Unless you bought all of your plastics in one go in all likelyhood you have a mish mash of brands and therefore sizes. Seldom do they fit nicely inside each other so the idea of a nice neat stack that sits beautifully on a cupboard shelf basically never happens.
I have to say I always found it demoralising when I spent 2 hours cleaning the cupboard and I walked away from it with parts still threatening to land on my foot at a moments notice. At least I managed to organise it to the extent that the entire cupboard contents wasn't going to arrive on my foot as soon as I opened the door but it really didn't seem enough.
About 2 years ago when I had cleaned the cupboard yet again and was getting ready to walk away in defeat I had this weird idea. Ok, so I didn't have a built in drawer in the kitchen but that doesn't meant that the plastics can't be effectively contained.
You will notice that in the picture I have given above that I haven't reorganised for a while and although the left hand side is supposed to be the "round things" and the right the "square/rectangular things" its all over the place. The main thing is that while being all over the place it isn't going to land on the floor unless I decide its going to.
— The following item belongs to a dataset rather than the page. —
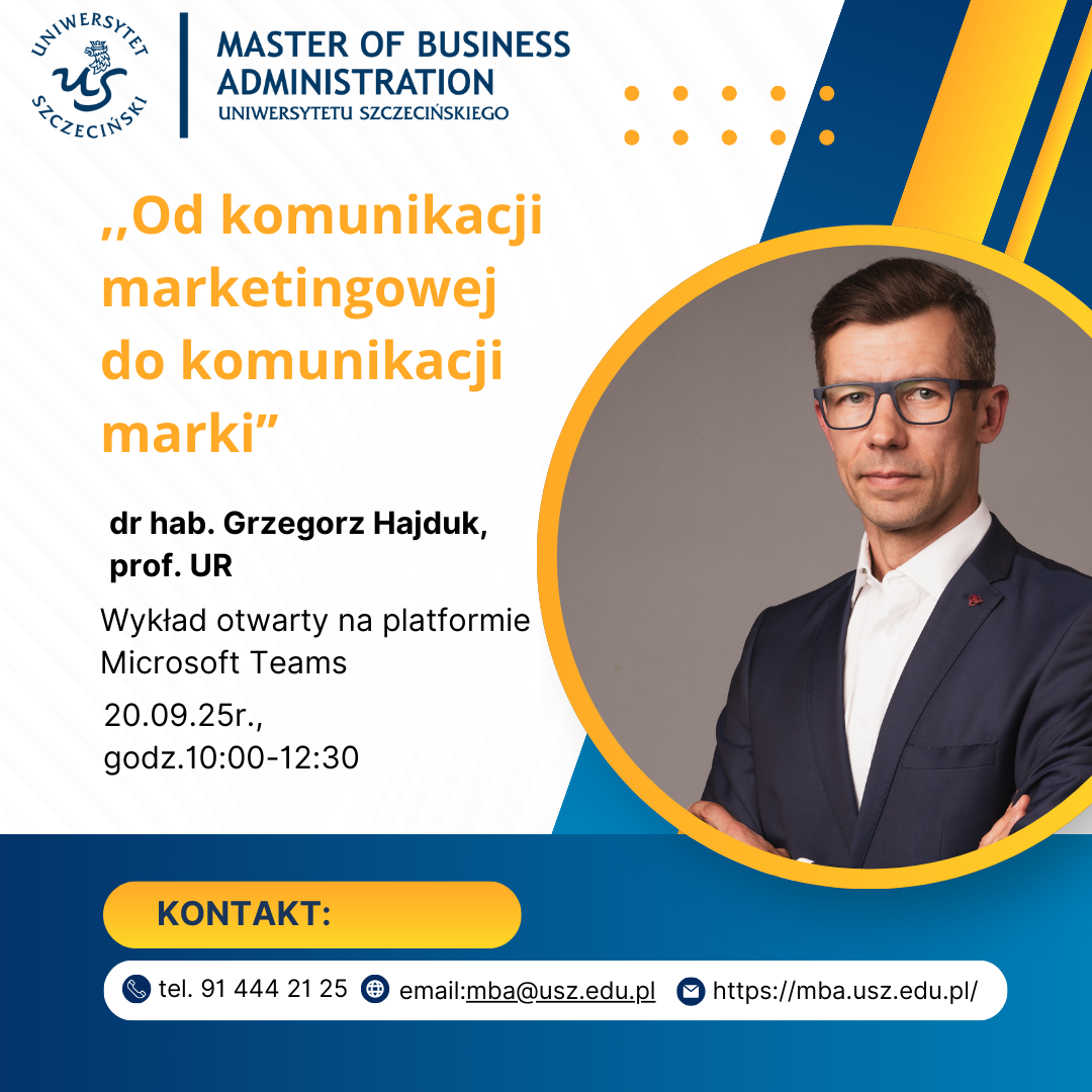 Informujemy, iż w dniu 20.09.2025 r. o godz. 10:00 (w formie ONLINE) odbędzie się wykład otwarty dr hab. Grzegorza Hajduka, prof. UR pt. „Od komunikacji marketingowej do komunikacji marki”. Wykład odbędzie się poprzez platformę Teams i nie wymaga zapisów. Zapraszamy Państwa do zapoznania się z sylwetką naszego gościa, którą przedstawiamy poniżej i udziału w wykładzie.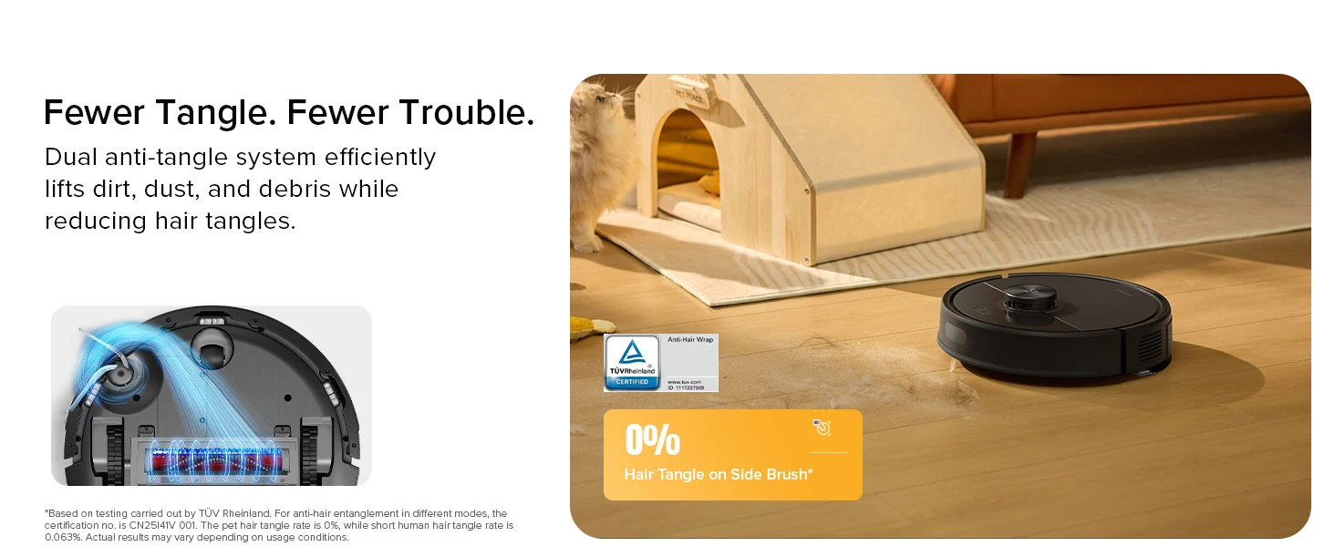 Spend less time detangling and more time enjoying your day. The JawScrapers main brush and 0% hair-tangling side brush resist pet hair wrap, even from long-haired breeds. With fewer cleaning interruptions, your robot stays ready with minimal effort.

Although it looks like it takes up more space than just stacking the same amount of plastics I have found in reality it doesn't, in fact mostly it takes less. The space saving comes from the fact that you can make your stacks higher and if they are a bit unstable and wobbly the worst that happens is that some of it ends up on its side inside the basket. Its all easy to get out because you just pull the basket out to get to the stuff at the back rather than try and weave your hand between the stacks and squeeze what you need through knocking everything over in the process.
I personally prefer this to a deep plastics drawer as being smaller makes it easier to see and find things even if it has fallen into disorder.

2 comments:
What a great idea. Thank you for sharing and thanks for the link.
Kate xx
Glad you like the idea. It was one of those "why haven't I done this before" moments when I originally came up with it.
Credit where credits due always deserves a link.... I had forgotten all about the fact this might be useful to others until you put your post up.